Tuesday, June 1, 2010

The Hills Episode 6 - "Ghost from the Past"

Justin Bobby, former Audrina paramour and drummer for the band Ed StanleY, shocks the MTV viewing audience by displaying what appears to be a semblance of talent.

Scene I
Outside the Viper Room....

LO: Wow, Justin Bobby, we had no idea you could drum like that! You're a regular Phil Collins!

JUSTIN BOBBY: Thanks for coming to see Ed StanleY. If you'll excuse me, I've got to get going to my second job.

AUDRINA: Second? Things have really changed since we used to hook up.

JUSTIN BOBBY: Oh, Audrina, it was so much more than hooking up. To me.

AUDRINA: **Gulp**

JUSTIN BOBBY: Yeah, I work down at Cedars Sinai fixing the cleft palates of orphans of rock stars who overdosed. Night shift. No big deal.

LO: You're a plastic surgeon and a rock star? You're a regular Dr.
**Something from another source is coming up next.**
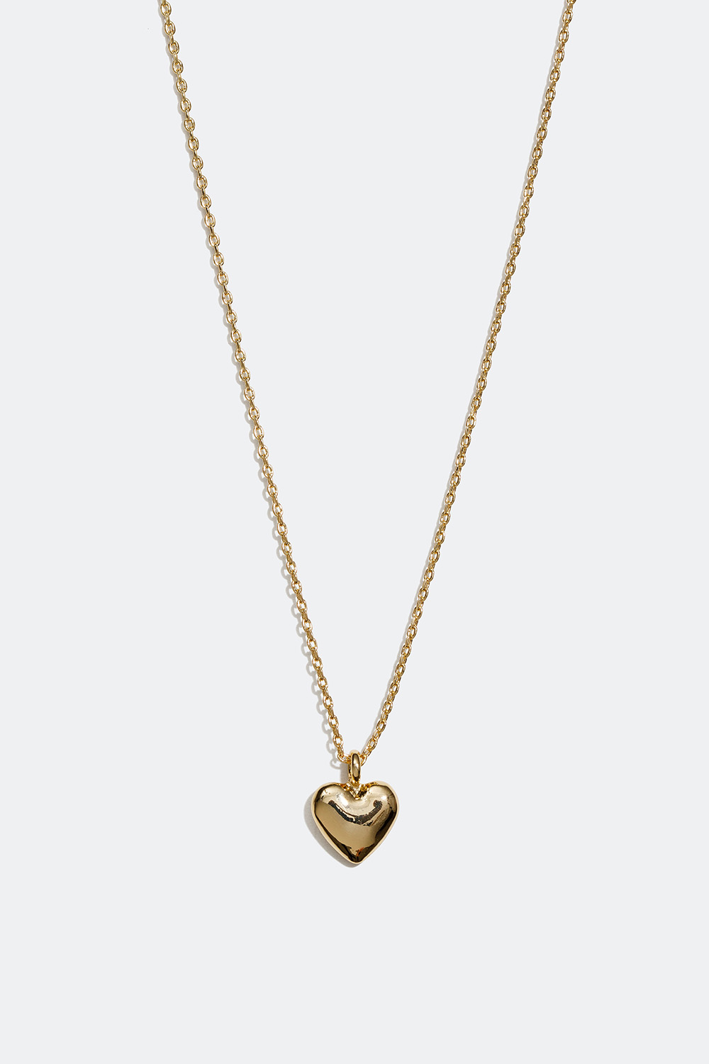 Halskæde i guldfarvet metal med en tynd kæde og et lille hjerte som vedhæng. En enkel og stilfuld halskæde med et klassisk vedhæng, der passer til alle lejligheder. Perfekt at bruge alene eller sammen med andre halskæder, så du opnår et lag-på-lag-look.

Rey!

JUSTIN BOBBY: Please. I'm just doing what I love.

AUDRINA: Justin Bobby, maybe we could get a drink tomorrow night. You know, to catch up.

JUSTIN BOBBY: Oh, I don't drink anymore, hun. When you're a pinch hitter for the San Diego Padres farm team, you've got to be in peak physical condition.

STEPHANIE: Baseball player, musician, doctor? You're a regular David Greenstein!

LO: Who?

STEPHANIE: He went to dental school with my dad. Great guy.

JUSTIN BOBBY: Well, this has been a fantastic chat. I've really got to run. Before the night shift at Cedars, I'm whipping up a quick batch of milk chocolate mousse with port ganache and crème fraîche for the homeless over on Skid Row.

LO: You know what? You seem really different from the Justin Bobby we used to know.

JUSTIN BOBBY: Yes. Its called being clean and sober and exploring all of your latent talents.

LO: No. Really different. Like, literally not the same person.

AUDRINA: **vacant stare**

LO: Don't get an attitude, Audrina. I mean it! He reminds me of this guy who plays Joan Rivers in the drag show at Imperial Palace.

STEPHANIE: What are you saying? That he's an impostor?

JUSTIN BOBBY: Ok, I guess the jig is up. Oh god, please don't tell anyone. I am an impostor.

AUDRINA: **vacant stare**

FAKE JUSTIN BOBBY: Oh, Audrina, I don't blame you for being so upset and emotional. I'm a celebrity impersonator who dabbles in the C-list on weekends. I do a pretty mean Justin Bobby, right?

LO: Amazing. All that's missing is the rotting flesh stench from too much impure cocaine.

FAKE JUSTIN BOBBY: I'm so sorry I misled you all, but practice makes perfect. If you want to talk to the real Justin Bobby, he's laying in a pile of his own filth there next to the dumpster.

REAL JUSTIN BOBBY: Bleaargh. Meooopheeee.

LO: Ew. I'm having major River Phoenix/Viper Room flashbacks. We'll stick with you instead, Fake Justin Bobby.

RYAN CABRERA: I'm back from my band's tour of rural Cambodia! The fans there were really appreciative, if you catch my - HEY! Why's my girlfriend making out with Justin Bobby?!

STEPHANIE: Don't worry, it's not really him.

RYAN CABRERA: Oh. Ok. Girl talk time, then. What's the hot new hair straightener on the market?